Save to Memory List for All Meters
The multimeter, distortion analyzer and frequency counter can all now save results to the memory list, even when used interactively. This enables an instantaneous measurement to be recorded without having to run a sequence, and also enables these saved values to be used within sequences.
New Strip Chart Recorder (optional module)
The Strip Chart Recorder module provides the multimeter, distortion analyzer and frequency counter the ability to plot measurements over time. This functionality is directly equivalent to connecting a paper chart recorder to a classic, stand-alone hardware instrument. The Strip Chart Recorder can plot continuously or for a predefined amount of time and can plot instantaneous results or repeating averages. This is an invaluable feature for environmental and reliability testing and for any engineer that needs to characterize the behavior of a device over time. Results from the Strip Chart Recorder can be saved to the memory list and used inside a sequence just like any other virtual instrument.

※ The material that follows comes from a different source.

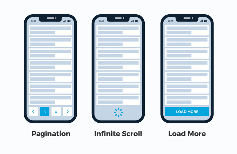 Nhiều khách truy cập không cần phải tải đến cuối trang để tìm thấy nội dung hữu ích với họ. Vậy tại sao cần tải những nội dung đó và làm tăng độ trễ tải trang web? Cách tiếp cận tốt hơn là hãy tải nội dung khi họ bắt đầu cuộn xuống trang hoặc cài đặt cấu trúc phân trang thông minh cho website của bạn.
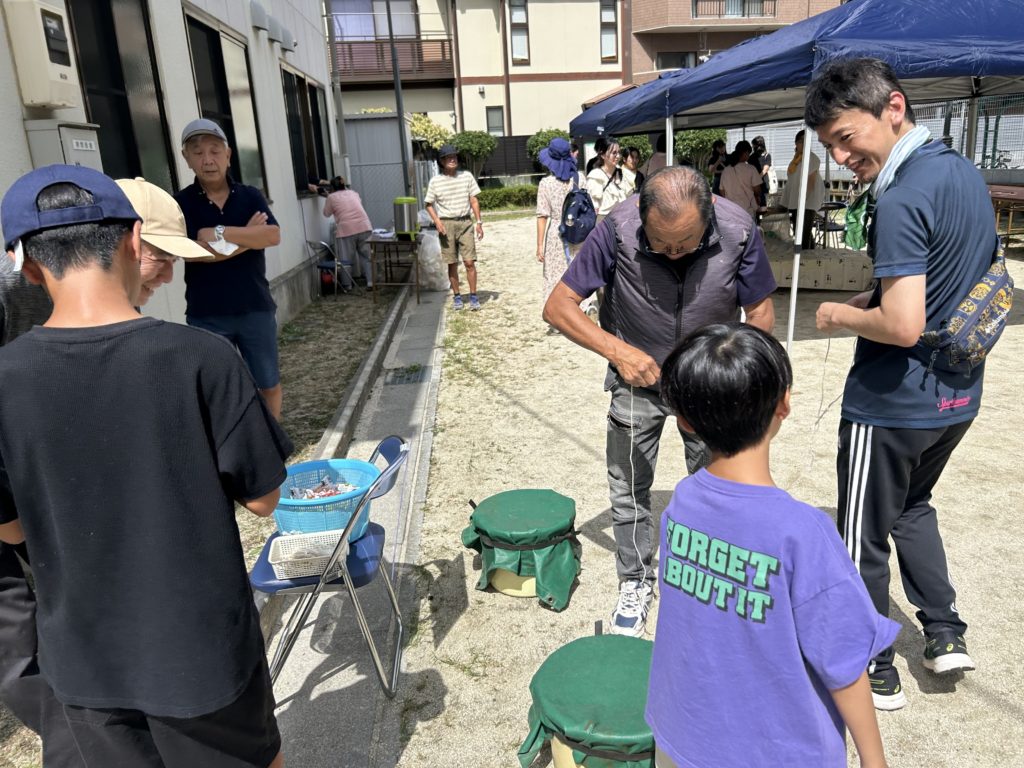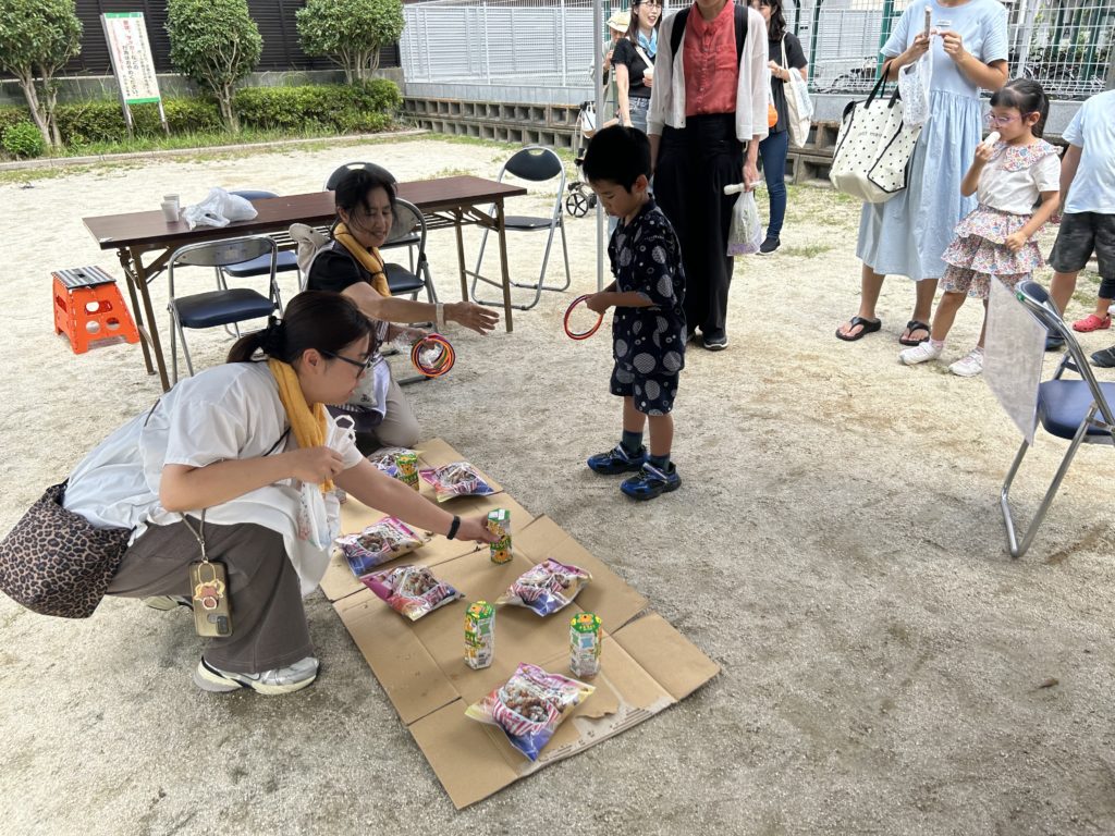 会場では、昼食のふるまいに加え、ヨーヨー釣り・スーパーボールすくい・わなげ・かたぬき・ベーゴマなど、昔ながらの出し物も多数行われ、多くの親子連れでにぎわいました。

Sweep Equalization for Minimized Transients
In stepped sine amplitude and frequency sweeps, selecting equalization now also enables a smooth transition between steps. These smooth transitions minimize the transient response in the device under test. This results in shorter test times, smoother sounding sweeps, and is particularly useful for microphone testing where a source speaker needs to be equalized.
The multimeter has a new, fixed or auto-tracking bandpass filter option. This is useful for measuring a specific signal in the presence of background noise. In addition a new ‘Linear Repeating’ averaging mode is available. In this mode a linear average is made and then repeated. This is useful when, for example, you would like to plot a repeating 1 second Leq of the environmental noise level.

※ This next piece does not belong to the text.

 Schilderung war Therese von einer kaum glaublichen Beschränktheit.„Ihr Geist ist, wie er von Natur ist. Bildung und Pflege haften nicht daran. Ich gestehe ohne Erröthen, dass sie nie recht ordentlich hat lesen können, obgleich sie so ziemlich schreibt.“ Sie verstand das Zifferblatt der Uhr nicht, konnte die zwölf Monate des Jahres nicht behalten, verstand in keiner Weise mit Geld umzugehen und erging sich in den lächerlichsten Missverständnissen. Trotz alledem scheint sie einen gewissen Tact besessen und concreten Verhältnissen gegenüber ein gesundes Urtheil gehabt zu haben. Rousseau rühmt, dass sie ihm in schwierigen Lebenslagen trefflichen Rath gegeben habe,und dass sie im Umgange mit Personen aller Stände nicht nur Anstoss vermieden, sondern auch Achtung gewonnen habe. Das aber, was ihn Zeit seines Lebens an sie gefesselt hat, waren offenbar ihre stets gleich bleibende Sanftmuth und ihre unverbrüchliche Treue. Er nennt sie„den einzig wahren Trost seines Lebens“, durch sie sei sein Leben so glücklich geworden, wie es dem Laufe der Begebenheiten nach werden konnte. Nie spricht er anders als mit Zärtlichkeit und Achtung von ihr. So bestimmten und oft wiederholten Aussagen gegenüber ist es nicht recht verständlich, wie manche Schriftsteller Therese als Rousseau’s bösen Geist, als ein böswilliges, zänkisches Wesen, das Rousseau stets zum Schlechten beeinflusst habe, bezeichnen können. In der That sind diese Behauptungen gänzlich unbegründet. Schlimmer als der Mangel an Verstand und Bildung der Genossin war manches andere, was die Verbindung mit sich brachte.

SoundCheck automatically scans for new devices and setting changes when opened, and updates the Hardware Editor, Audio Hardware and Listen Hardware Tabs. This makes setup much faster. The ability to also manually adjust hardware setup and preserve 3rd party hardware settings offers flexibility and makes it easier to integrate Listen and 3rd party hardware. To simplify audio interface setup, sample rates are restricted to the selection valid for that device. If changes are made during a SoundCheck session, a simple ‘refresh’ will scan for changes and update the settings.Software installation for multiple systems is also simplified; when pointing to a folder of multiple status.dat files in the setup wizard, the correct status.dat file is automatically selected based on the connected hardware key.
A new conversion tool facilitates updating custom VIs from an older version to the latest version of SoundCheck by automatically re-linking the appropriate vi and ctl files, saving time over doing it manually.

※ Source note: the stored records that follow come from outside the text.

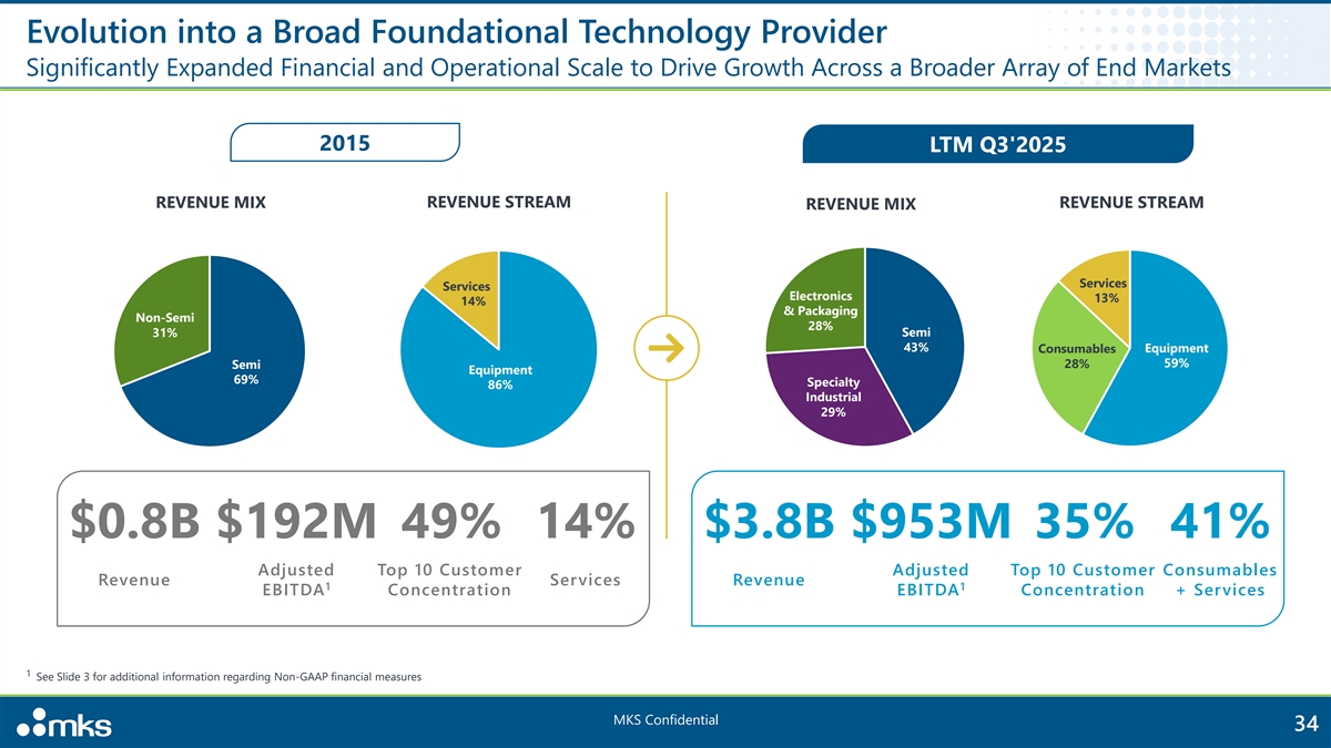 Evolution into a Broad Foundational Technology Provider Significantly Expanded Financial and Operational Scale to Drive Growth Across a Broader Array of End Markets 2015 LTM Q3'2025 REVENUE MIX REVENUE STREAM REVENUE STREAM REVENUE MIX Services Services Electronics 13% 14% & Packaging Non-Semi 28% 31% Semi 43% Consumables Equipment 59% Semi 28% Equipment Specialty 69% Specialty 86% Industrial Industrial 29% $0.8B $192M 49% 14% $3.8B $953M 35% 41% Adjusted Top 10 Customer Adjusted Top 10 Customer Consumables Revenue Services Revenue 1 1 EBITDA Concentration EBITDA Concentration + Services 1 See Slide 3 for additional information regarding Non-GAAP financial measures MKS Confidential 34
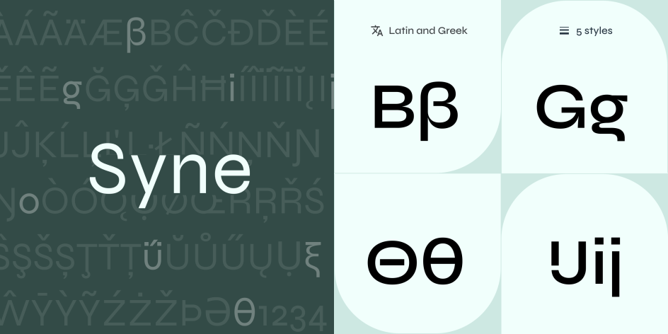 Conceptualised by Bonjour Monde and designed by Lucas Descroix with the help of Arman Mohtadji, Syne was originally designed in 2017 for the Parisian art centre Synesthésies. It represents an exploration of atypical associations of weights and styles and is a good choice for anyone open to making radical graphic design choices. A Greek script designed by George Triantafyllakos was added in 2022.
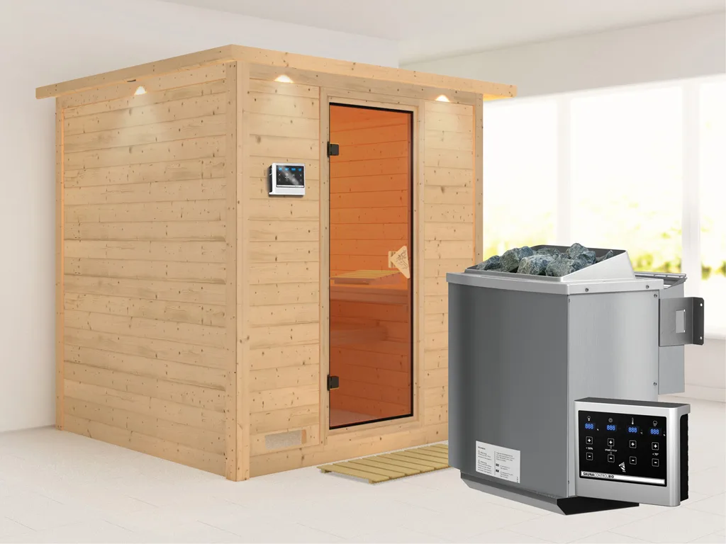 Diese Innensauna wird einschließlich Saunaofen mit externer Steuerung geliefert. Die Anbringung an der Außenseite der Sauna ermöglicht eine praktische Bedienung vor dem Saunieren und eine noch exaktere Einstellung der Temperatur. Weitere elektrische Geräte, wie eine Kabinenbeleuchtung, können ebenso an die externe Steuerung angeschlossen und mit dieser bedient werden.
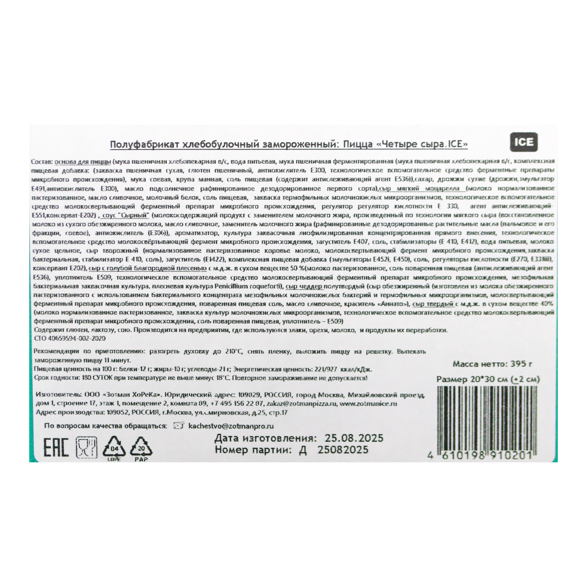 Пицца Зотман 412г зам Четыре сыра замороженная
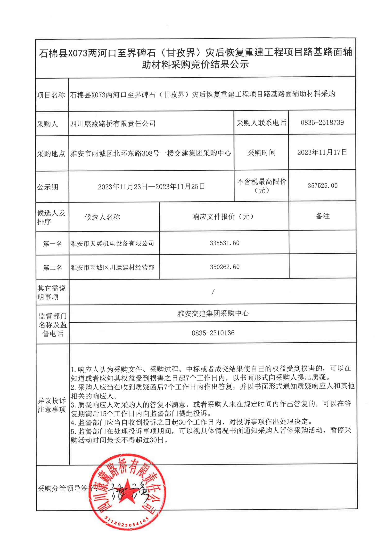 四川康藏路桥有限责任公司石棉县X073两河口至界碑石(甘孜界)灾后恢复重建工程项目路基路面辅助材料采购结果公示
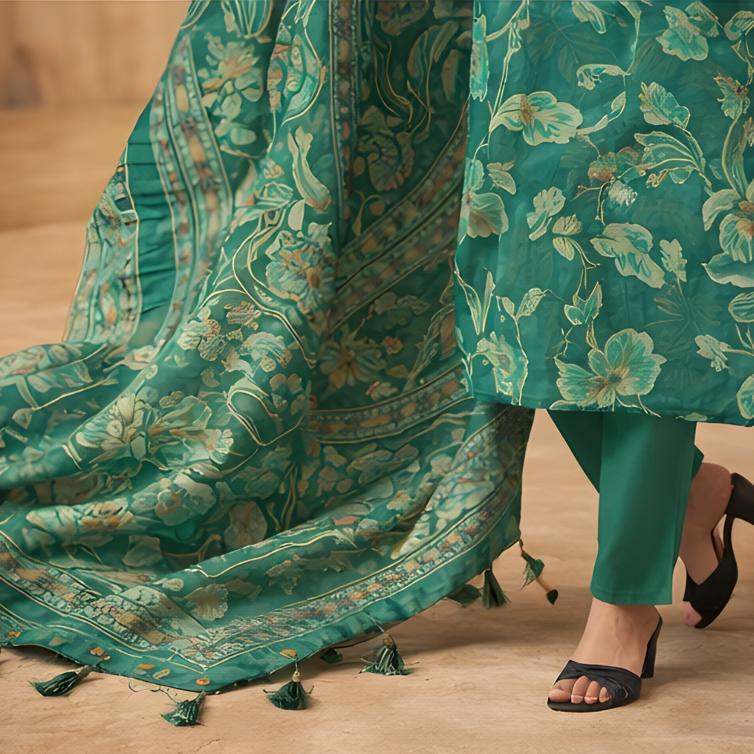 Taniksh 4007 Floral Print Kurta, Trouser & Dupatta Set – Green

Outline ET250-3D Turntable Control
Custom Steps are available to control the Outline Turntable model ET250-3D, and an example sequence is available.
SoundCheck Control Via Python
SoundCheck can be controlled via Python, an object-oriented scripting language that offers some advantages over C++. An included example (which can be used as a starting point and modified) demonstrates the simplicity of controlling SoundCheck using Python. Compatible with Python 2 and 3, this script opens SoundCheck, loads and runs the “Complete Test” sequence, and passes results back to the Python script for further processing.
Externally Launch and Close Virtual Instruments
A new virtual instrument wrapper allows you to open and close virtual instruments from a custom VI or using TCP/IP.
The Exit Status of Custom Steps Is Now Indicated
Like other SoundCheck steps, the Sequence Editor now highlights in red or green whether a custom step completed successfully or not.
Watch the SoundCheck 16 New Features Video
More Powerful Control with TCP/IP
External control of SoundCheck is simpler, yet more powerful with the new TCP/IP control. This offers many advantages over the previous Active X controls (still available), such as the ability to connect to SoundCheck via any programming language, on any operating system, either locally or through a network. It also features a more powerful and expandable command format for interacting with SoundCheck. This is extremely valuable for anyone who needs to control SoundCheck from an external program, for example as part of an overall test plan or factory automation. Using this feature, a single computer can control multiple SoundCheck systems, simplifying production line measurements.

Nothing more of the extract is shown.